Question

What is the mass of precipitate formed when 50 ml of 16.9% w/v solution of AgNO3 is mixed with 50 ml of 5.8% w/v NaCl solution?

Answer 1

Well, `"w/v"-="Mass of solute"/"Volume of solution"`, we should get over `7*g` of silver chloride.

Explanation:

And thus `"mass of silver nitrate"=16.9%xx50*mL=8.45*g`.

And this represents a molar quantity of `(8.45*g)/(169.87*g*mol^-1)`

`=0.0497*mol`, with respect to `AgNO_3`.

Likewise `"mass of sodium chloride"=5.8%xx50*mL=2.90*g`.

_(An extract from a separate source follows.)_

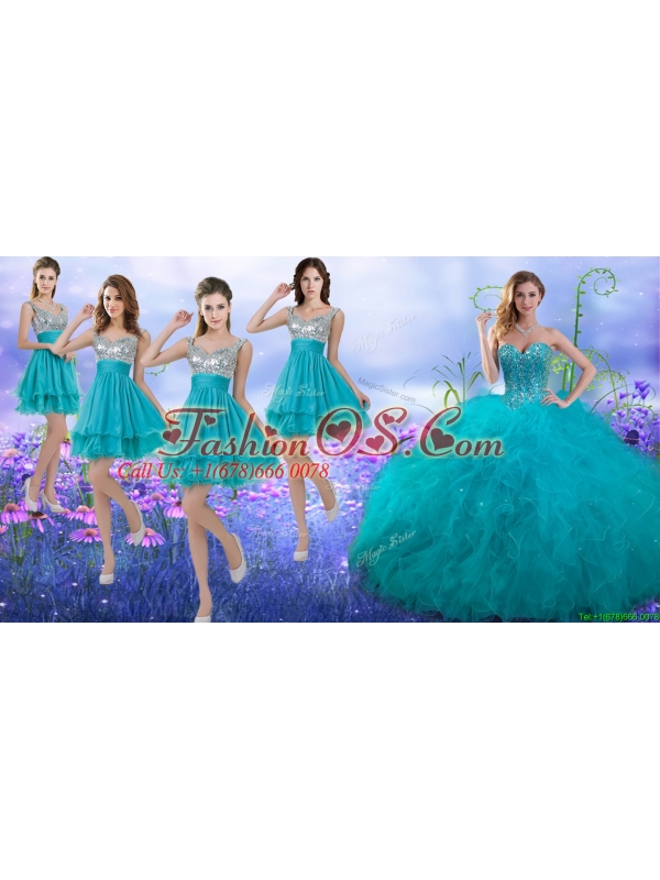 Home >  Quinceanera Dresses >  Quinceaneara Package > Wonderful Beaded and Ruffled Quinceanera Dress and Beautiful Straps Sequined Dama Dresses
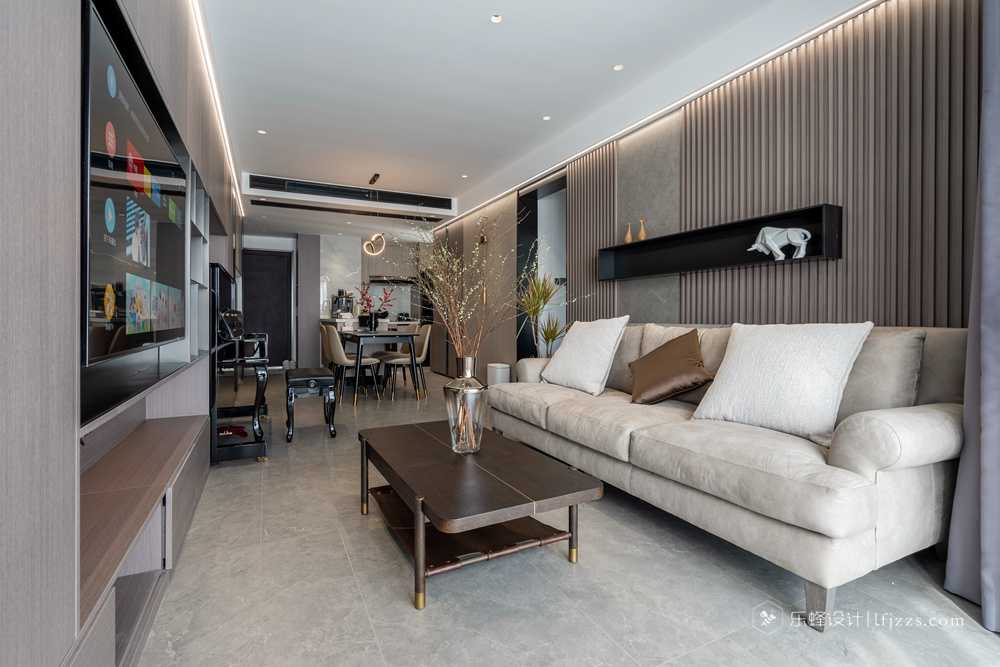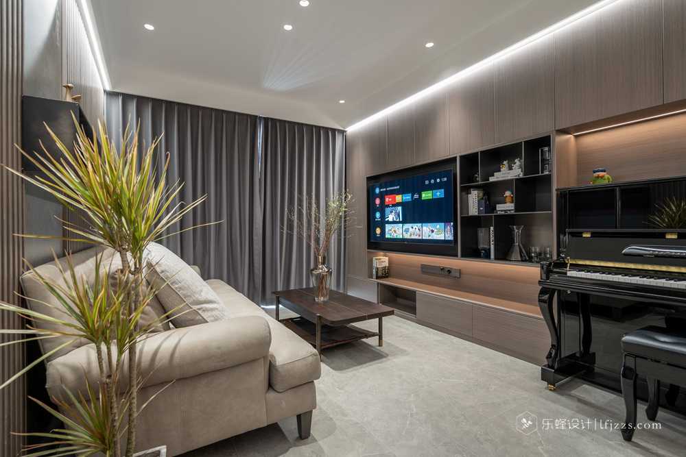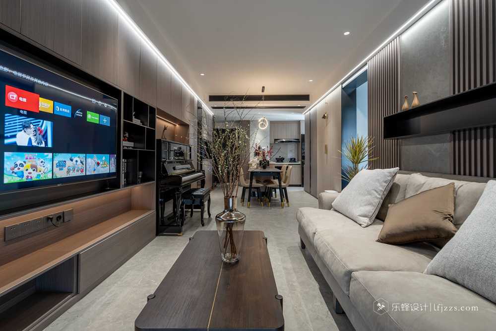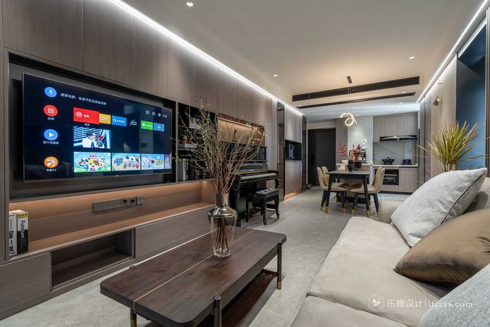 客廳采用開放式的設(shè)計(jì),基于收納需求的考量,電視背景墻以柜體的形式呈現(xiàn),強(qiáng)大的收納力征服全場(chǎng)。

And this represents a molar quantity of `(2.90*g)/(58.44*g*mol^-1)`

`=0.0497*mol` with respect to `NaCl`.

Clearly the reagents are present in 1:1 molar ratio. The reaction that occurs in solution is the precipitation of a curdy white mass of `AgCl(s)`, i.e. and we represent this reaction by the net ionic equation.....

`Ag^(+) + Cl^(-)rarrAgCl(s)darr`

Of course the complete reaction is....

`AgNO_3(aq) + NaCl(aq) rarr AgCl(s)darr + NaNO_3(aq)`, i.e. sodium nitrate remains in solution and can be separated (with effort) from the precipitate.

And given the stoichiometry, we gets `0.04974*molxx143.32*g*mol^-1=7.11*g`.

Of course a material such as silver halide would be very hard to isolate. Particle size is very small; it is likely to clog the filter, and filter very slowly; and moreover `AgCl` is photoactive, and would decompose under light.